## Problem details:
Using the data that follows, output only the lines from the line with "Deze bruine sokken" up to and including the line with "跨境 可爱小猫咪合金钥匙扣 - 男女通用装饰圆形钥匙链 English | 投诉", exactly, leaving pictures aside.

## Listed entries:
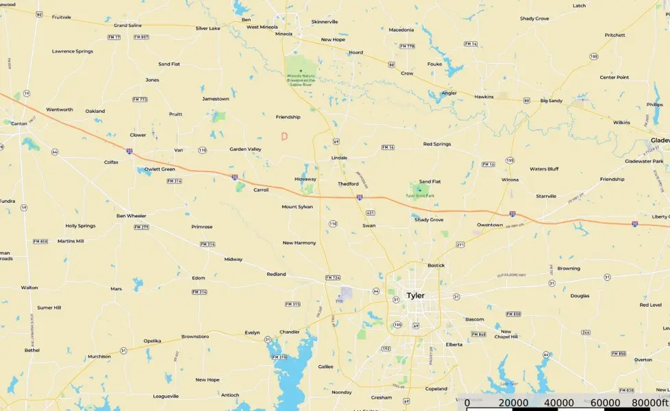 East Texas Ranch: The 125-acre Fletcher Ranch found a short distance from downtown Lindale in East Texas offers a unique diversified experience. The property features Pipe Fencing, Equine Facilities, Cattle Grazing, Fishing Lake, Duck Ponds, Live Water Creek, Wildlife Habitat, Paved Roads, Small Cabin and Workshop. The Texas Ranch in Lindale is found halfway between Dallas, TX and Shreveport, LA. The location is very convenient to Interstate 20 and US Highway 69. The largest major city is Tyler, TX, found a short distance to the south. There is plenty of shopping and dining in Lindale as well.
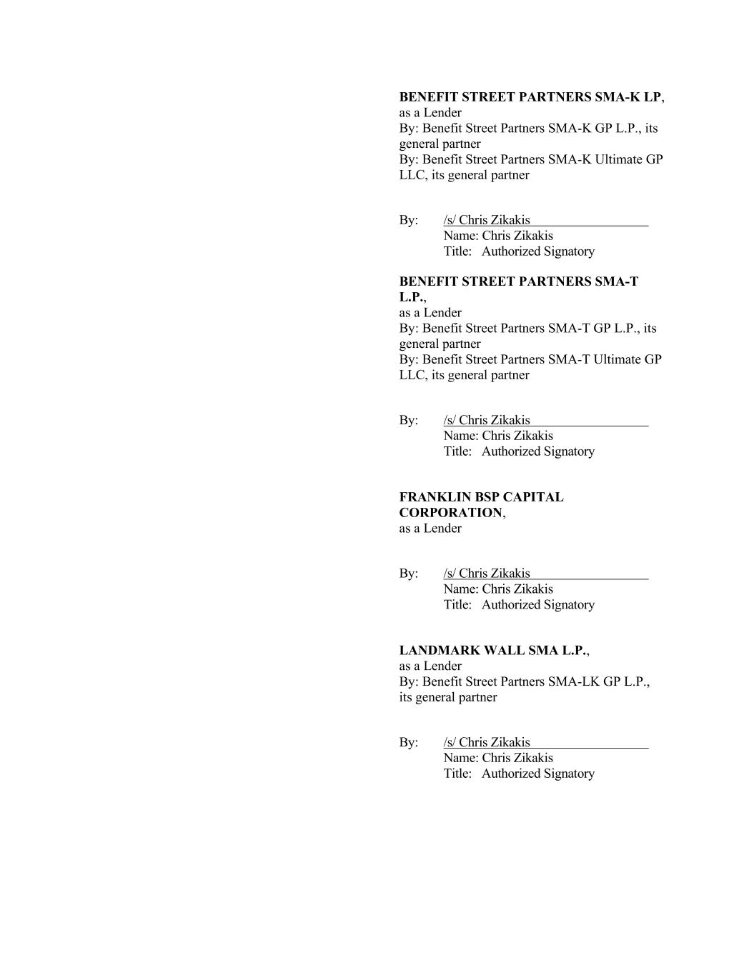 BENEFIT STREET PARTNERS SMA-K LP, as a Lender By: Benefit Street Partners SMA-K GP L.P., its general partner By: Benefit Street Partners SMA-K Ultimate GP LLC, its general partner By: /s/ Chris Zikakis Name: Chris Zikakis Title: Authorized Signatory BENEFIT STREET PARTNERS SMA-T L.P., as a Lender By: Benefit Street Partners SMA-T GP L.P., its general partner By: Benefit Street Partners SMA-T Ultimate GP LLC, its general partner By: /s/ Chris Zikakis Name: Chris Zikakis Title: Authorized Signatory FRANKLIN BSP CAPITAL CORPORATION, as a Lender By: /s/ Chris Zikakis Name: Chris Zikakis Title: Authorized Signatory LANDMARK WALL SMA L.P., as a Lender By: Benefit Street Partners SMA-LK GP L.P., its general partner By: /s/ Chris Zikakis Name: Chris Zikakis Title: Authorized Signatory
...
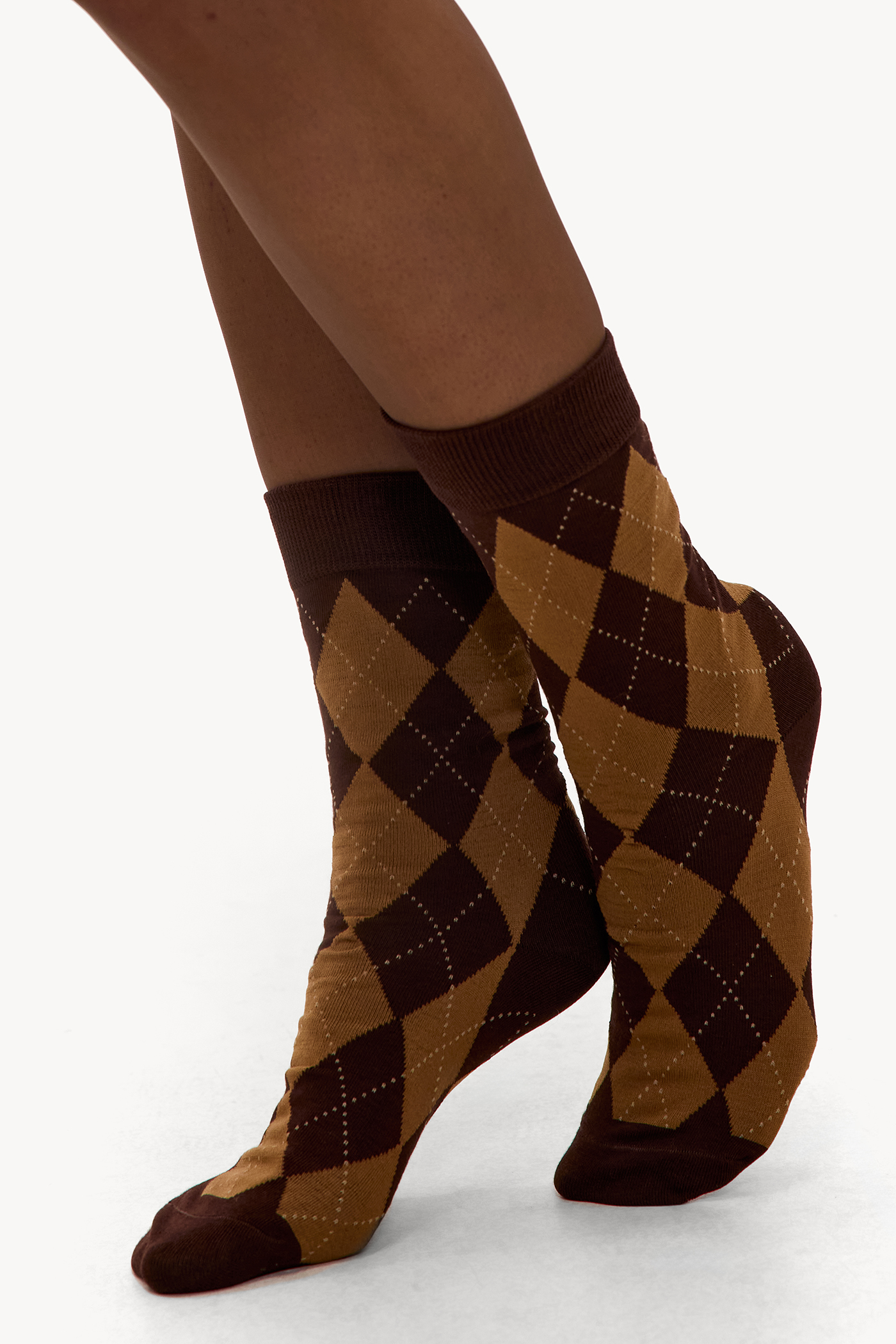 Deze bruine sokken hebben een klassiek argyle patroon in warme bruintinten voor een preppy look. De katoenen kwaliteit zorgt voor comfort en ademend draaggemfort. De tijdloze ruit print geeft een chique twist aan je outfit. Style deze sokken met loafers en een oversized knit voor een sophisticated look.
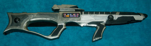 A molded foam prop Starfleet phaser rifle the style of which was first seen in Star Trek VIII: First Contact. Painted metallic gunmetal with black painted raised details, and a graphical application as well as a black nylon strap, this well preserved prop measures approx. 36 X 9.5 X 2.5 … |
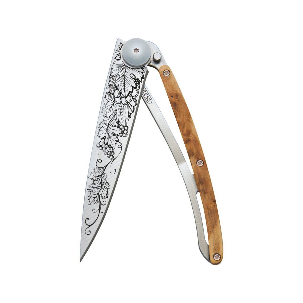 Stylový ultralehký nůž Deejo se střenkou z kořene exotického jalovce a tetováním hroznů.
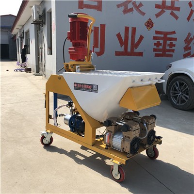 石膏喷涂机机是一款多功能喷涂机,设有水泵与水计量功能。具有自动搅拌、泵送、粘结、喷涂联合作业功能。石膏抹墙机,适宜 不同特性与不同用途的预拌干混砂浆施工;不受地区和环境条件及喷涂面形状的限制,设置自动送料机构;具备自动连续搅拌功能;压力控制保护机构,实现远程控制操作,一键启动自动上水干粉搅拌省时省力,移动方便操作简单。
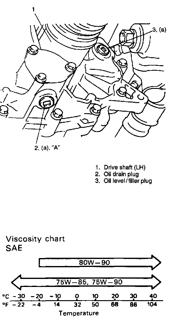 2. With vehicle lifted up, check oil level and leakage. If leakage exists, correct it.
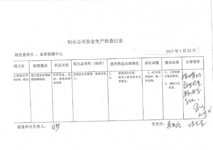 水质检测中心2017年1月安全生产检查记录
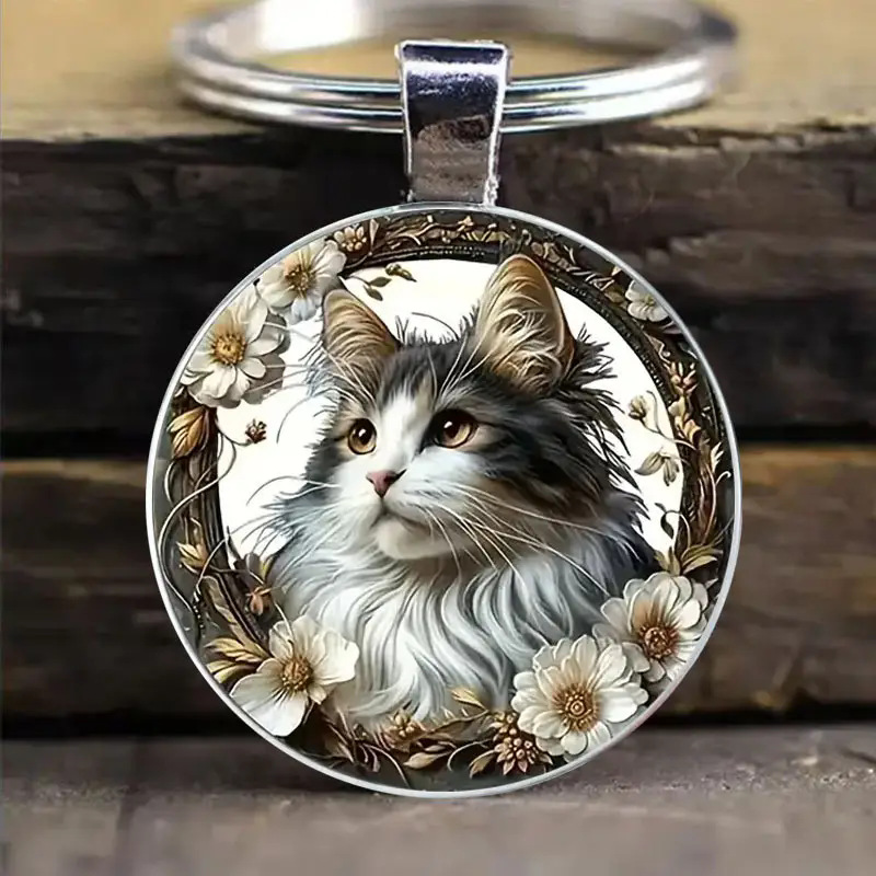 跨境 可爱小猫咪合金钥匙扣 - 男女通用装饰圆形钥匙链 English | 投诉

## The completed task:
 Deze bruine sokken hebben een klassiek argyle patroon in warme bruintinten voor een preppy look. De katoenen kwaliteit zorgt voor comfort en ademend draaggemfort. De tijdloze ruit print geeft een chique twist aan je outfit. Style deze sokken met loafers en een oversized knit voor een sophisticated look.
 A molded foam prop Starfleet phaser rifle the style of which was first seen in Star Trek VIII: First Contact. Painted metallic gunmetal with black painted raised details, and a graphical application as well as a black nylon strap, this well preserved prop measures approx. 36 X 9.5 X 2.5 … |
 Stylový ultralehký nůž Deejo se střenkou z kořene exotického jalovce a tetováním hroznů.
 石膏喷涂机机是一款多功能喷涂机,设有水泵与水计量功能。具有自动搅拌、泵送、粘结、喷涂联合作业功能。石膏抹墙机,适宜 不同特性与不同用途的预拌干混砂浆施工;不受地区和环境条件及喷涂面形状的限制,设置自动送料机构;具备自动连续搅拌功能;压力控制保护机构,实现远程控制操作,一键启动自动上水干粉搅拌省时省力,移动方便操作简单。
 2. With vehicle lifted up, check oil level and leakage. If leakage exists, correct it.
 水质检测中心2017年1月安全生产检查记录
 跨境 可爱小猫咪合金钥匙扣 - 男女通用装饰圆形钥匙链 English | 投诉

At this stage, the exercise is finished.